Même son de cloche dans le cadre de la prise en charge de l’endométriose qui concernerait, selon le ministère de la Santé, environ 2,5 millions de femmes en France et qui, en février 2022, a fait l’objet d’une stratégie nationale volontariste, fondée entre autres sur la mobilisation de fonds supplémentaires pour la recherche clinique. Impossible, là encore, de faire sans le secteur privé, qui prend aujourd’hui en charge deux patientes sur trois atteintes d’endométriose. Dans le domaine de la cancérologie, les cliniques du groupe Elsan prennent en charge un patient sur huit France. Un taux qui monte à un sur cinq pour la prise en charge du cancer de la prostate.

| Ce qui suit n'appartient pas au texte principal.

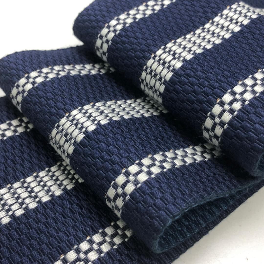 濃藍色のお色味に縦縞模様がデザインされた素敵な柄裄のお品でございます。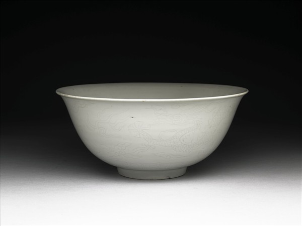 侈口微撇,弧形壁,圈足。全器施白釉,釉色白淨腴潤,碗心淺劃盤龍一,外壁做雙龍戲珠,近圈足處飾變形蕉葉紋一圈,線條細淺,細膩具流動感。器底青花書「大明隆慶年造」二行六字楷款,外有雙圈。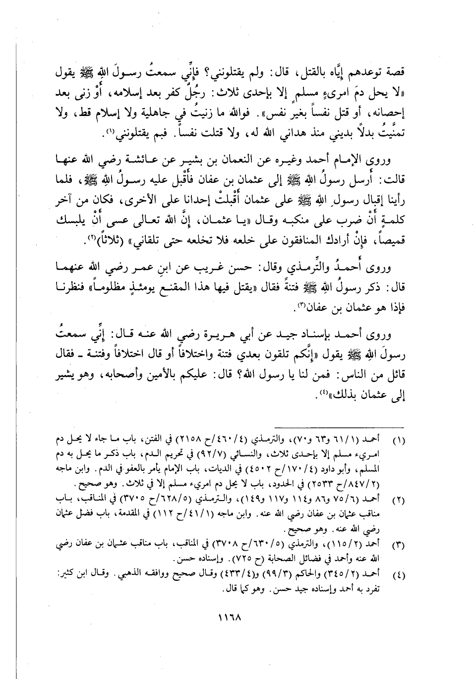 2 أحمد "6/ 75 و86 و144 و117 و149" والترمذي "5/ 628/ ح3705" في المناقب، باب مناقب عثمان بن عفان رضي الله عنه. وابن ماجه "1/ 41/ ح112" في المقدمة، باب فضل عثمان رضي الله عنه. وهو صحيح.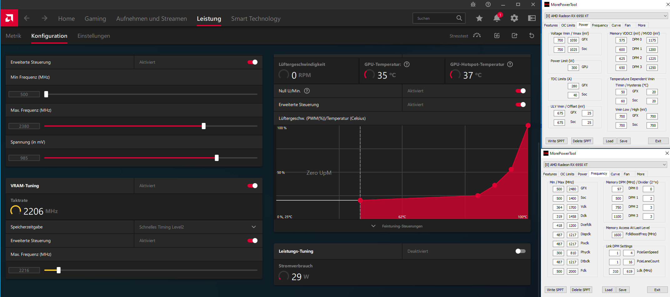 Der Betrieb ist so natürlich unvernünftig und deswegen hier, wie ihr es von mir kennt, auch noch alltagstaugliche Einstellungen vom MPT und Treiber für einen kühlen, leisen, schnellen, aber verhältnismäßig sparsamen Betrieb: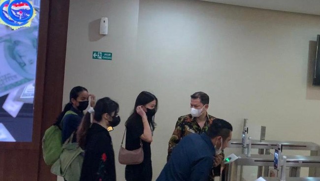 Vanessa berjalan cepat masuk ke area dalam Gedung Bareksrim Polri. Vanessa mengenakan jaket hitam dengan motif bunga merah, serta dan masker hitam.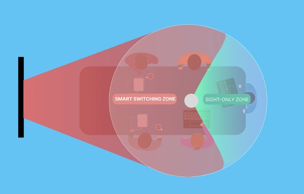 Smart Switching dynamically provides the best view of in-room participants depending on the direction they are facing. Smart Switching will automatically choose a participant’s best view between the front-of-room camera and Sight (center-of-table) camera. In a dual Sight deployment, Smart Switching is only used for in-room participants in the field of view of the Sight closest to the front-of-room camera.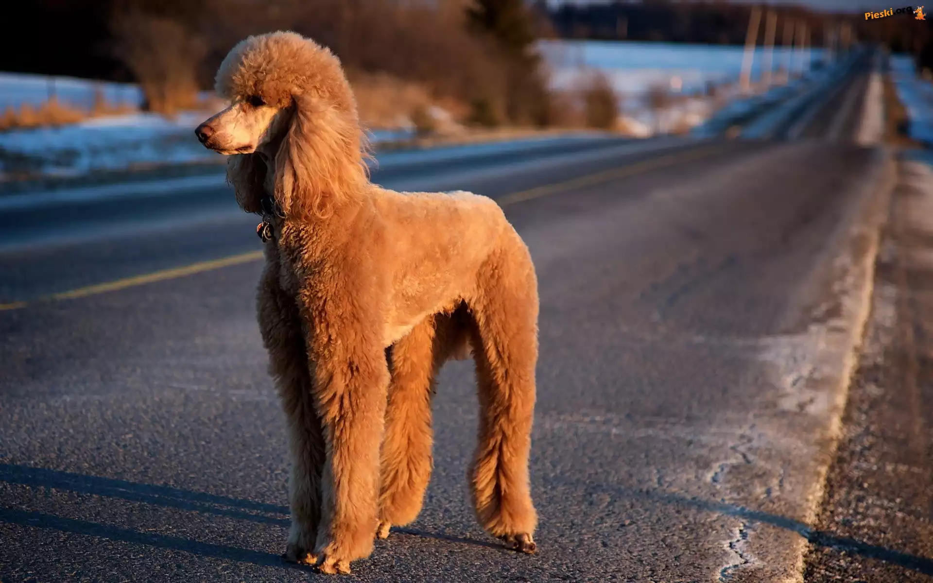 Duży, Pudel, Droga biały, Pudel duży Pudel, Czerwone, Róże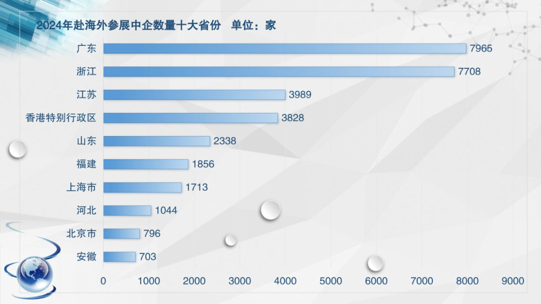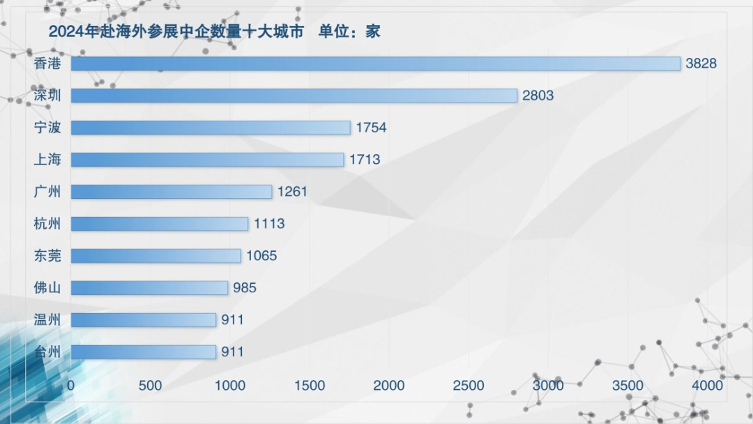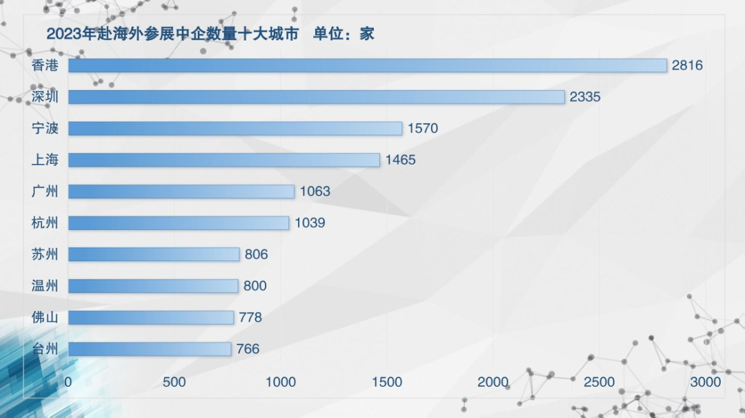 一是来自外贸发达地区的中企依旧是海外参展的主力。从赴外参展中企来自的省份来看,排在前10的依次是广东省(参展企业7965家,下同)、浙江省(7708家)、江苏省(3989家)、香港特别行政区(3828家)、山东省(2338家)、福建省(1856家)、上海市(1713家)、河北省(1044家)、北京市(796家)、安徽省(703家)。从参展商来自的城市来看,展商数量前10的依次是香港特别行政区(3828家)、深圳市(2803家)、宁波市(1754家)、上海市(1713家)、广州市(1261家)、杭州市(1113家)、东莞市(1065家)、佛山市(985家)、台州市(911家)、温州市(911家),均为东南沿海的港口城市。省份中,广东省和浙江省遥遥领先,远超其他省份,反映出两地经济发展水平较高,外向型经济明显,产业结构较完善,拥有较多具有竞争力的外贸企业。与此同时,当地政府对企业的国际化发展支持力度大,企业自身也具备较强的参展意识和资金实力,能够积极组织和参与海外展会,借助展会平台拓展国际市场,提升区域产业的国际影响力。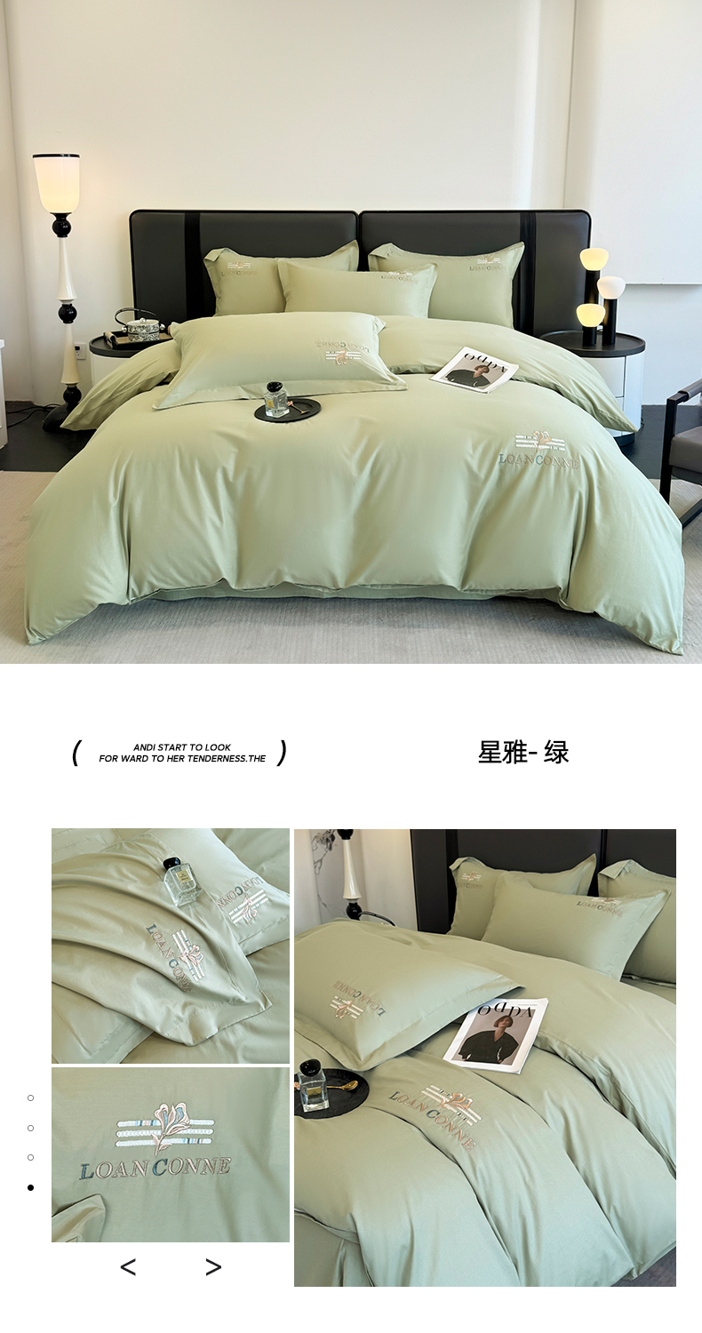 (总)乐蔻家纺 2026新款100S长绒棉纯棉素色款四件套,豆沙,卡其,梦幻蓝灰,奶咖紫,天空蓝,岩石灰,优雅绿,中国红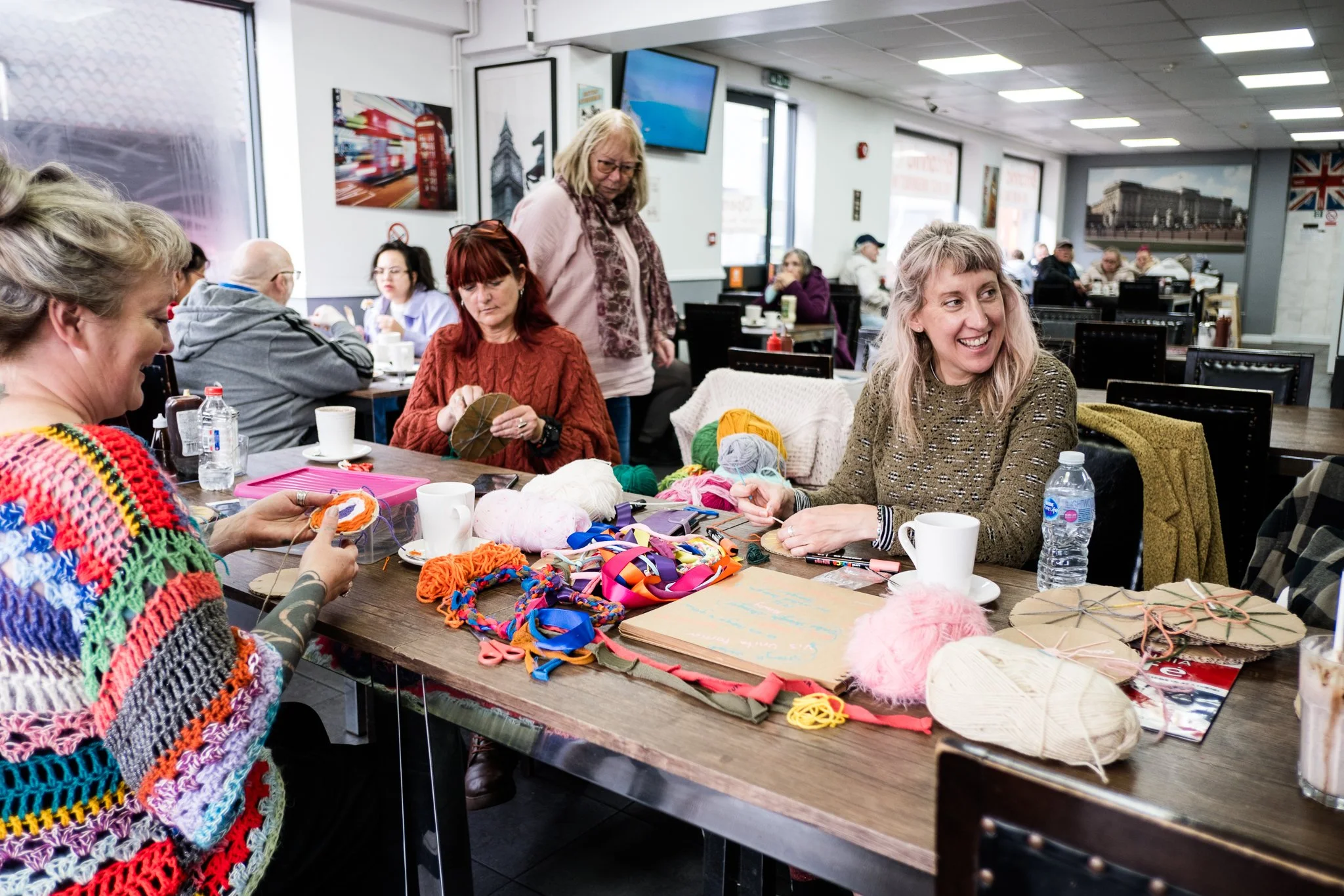 The Threads of Kindness project invited community volunteers to make handmade gifts for café owners in Longton who had moved to the town from elsewhere. Using simple, shared making, the project created space for conversation, welcome and relationship-building, strengthening connections across the town centre.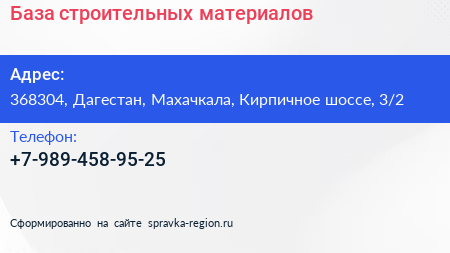 База строительных материалов по адресу 368304, Дагестан, Махачкала, Кирпичное шоссе, 3/2 в дальнейшем Организация, размещена в следующих категориях:
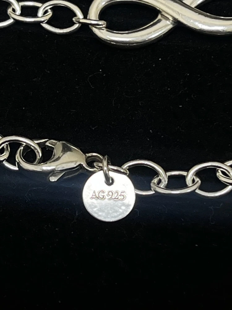 THIS IS A TIFFANY AND CO. STERLING SILVER INFINITY BRACELET. IT HAS A LARGE INFINITY CHARM IN THE MIDDLE AND ON THE OPPOSITE END, A LOBSTER CLAW CLASP WITH A CIRCULAR TAG STAMPED “TIFFANY AND CO.” AND “AG 925”. THERE IS MINIMAL WEAR TO THIS PIECE. PLEASE SEE PHOTOS BEFORE YOU PURCHASE.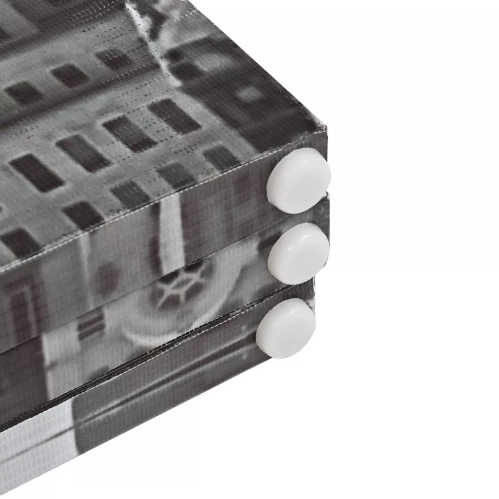 - New York-ot ábrázoló fekete-fehér fényképpel díszítve mindkét oldalán
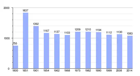 Los datos demográficos contemplados en este gráfico de la comuna de Mareuil[4] se han cogido de 1800 a 1999 de la página francesa EHESS/Cassini, y los demás datos de la página del INSEE.[5]
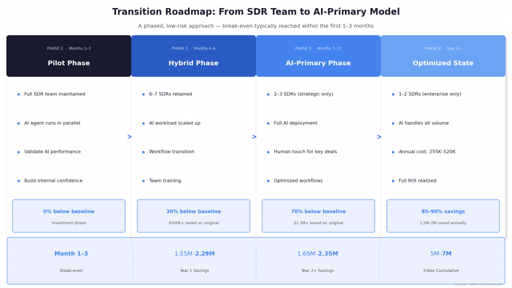 90-day pilot with limited investment. Keep SDRs during pilot. Clear success metrics: meeting volume and cost. Rollback option if performance doesn't meet targets. Maximum downside: $40-80K pilot cost.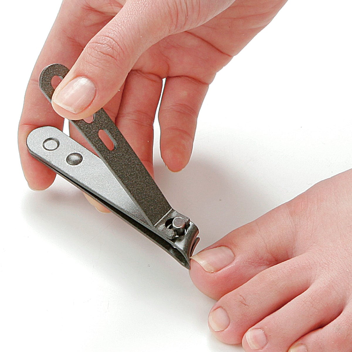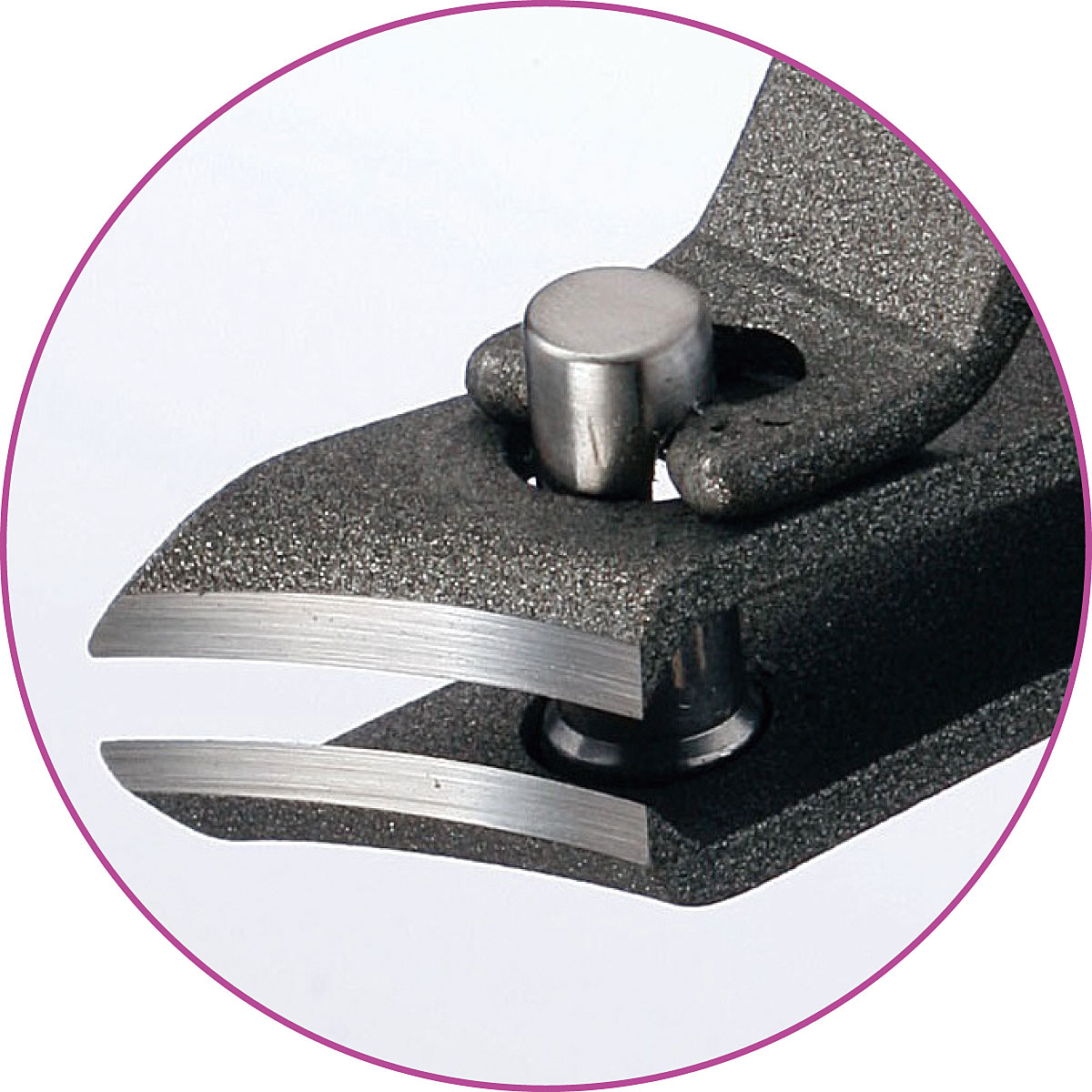 足の爪に特化したステンレス製爪切り。斜めにカープした刃と鋭利な先端で爪の隙間に入りやすくラクに切れます。

Lutte contre la désertification médicale
C’est enfin dans le domaine de la lutte contre la désertification médicale que le secteur privé se positionne de plus en plus. La chute de la démographie médicale laisse en effet 12 % des Français, soit environ 7 millions de personnes, dans un « désert médical », notamment dans les espaces ruraux et certaines villes moyennes. Un phénomène aggravé par les restructurations successives des établissements publics et le manque de personnels. A Pierrelatte, dans la Drôme, un premier centre de santé ouvert par le groupe Ramsay s’est installé au cœur de la ville de 15 000 habitants, où un tiers des habitants est dépourvu de médecin traitant. Dans le Loiret, un centre hébergé par la clinique de l’Archette, à Olivet, a été inauguré en mai 2019 afin de prendre en charge tous les malades, sans rendez-vous, afin de garantir un accès direct aux soins non-programmés.